The Canadian Oxford Dictionary was the runaway bestseller of
1998, spending over a year on the Globe and Mail's bestseller list and winning
the Canadian Booksellers Association's Libris awards for Non-fiction Book
of the Year and Specialty Book of the Year. Now this wonderful resource is
being reissued with a New Words supplement and a History of the English Language
Timeline. The dictionary's 130,000 entries combine in one reference book information
on English as it is used worldwide and as it is used particularly in Canada.
Definitions, worded for ease of comprehension, are presented so that the meaning
most familiar to Canadians appears first and foremost. Each of these entries
is exceptionally reliable, the result of thorough research into the language
and Oxford's unparalleled language resources. Five professionally trained
lexicographers spent five years examining databases containing over 20 million
words of Canadian text from more than 8,000 Canadian sources of an astonishing
diversity.

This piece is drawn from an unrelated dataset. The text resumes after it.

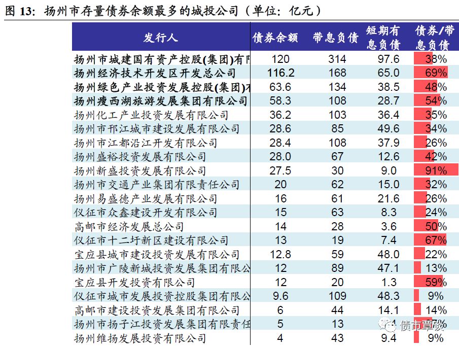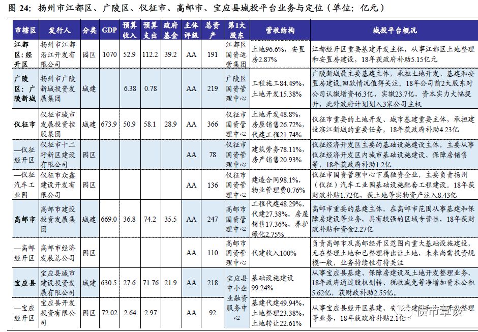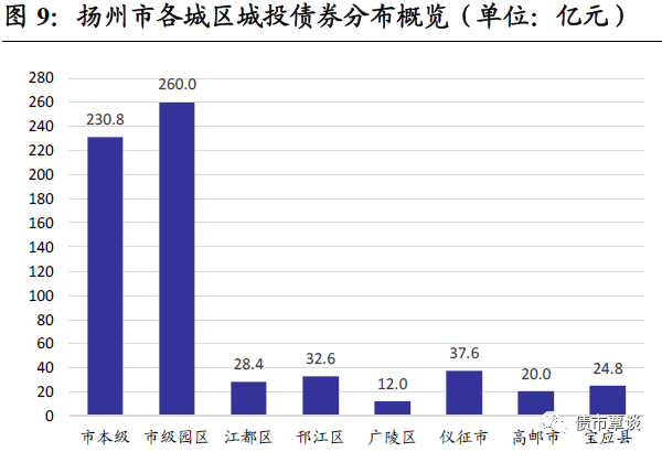 从区域分布看,市本级平台数量5家,债券余额230.8亿,占比35.7%;市级园区(经开区、高新区、化工园区、生态科技城)平台数量5家,债券余额260亿,占比40.2%;下辖的广陵区、邗江区、江都区平台各1家、2家和1家,债券余额分别12亿、32.6亿和28.4亿;宝应县、高邮县和仪征市债券余额分别24.8亿、20亿和37.6亿,合计占12.8%。

The lexicographers also examined an additional 20 million words
of international English sources.
For this reissue, Oxford University Press's Canadian Dictionary
Department prepared a New Words supplement, featuring over 150 words and meanings
of words that have become prominent since 1998. Featuring up-to-the-minute
vocabulary, the supplement includes Ballard fuel cell, BC Bud, bricks and
mortar, dot-commer, e-ticket, face time, IMHO, my bad, Nunavummiut, oxygen
bar, Quebec gold, shrug, 24-7, and yada-yada-yada. Indeed, there is at least
one new word for every letter of the alphabet.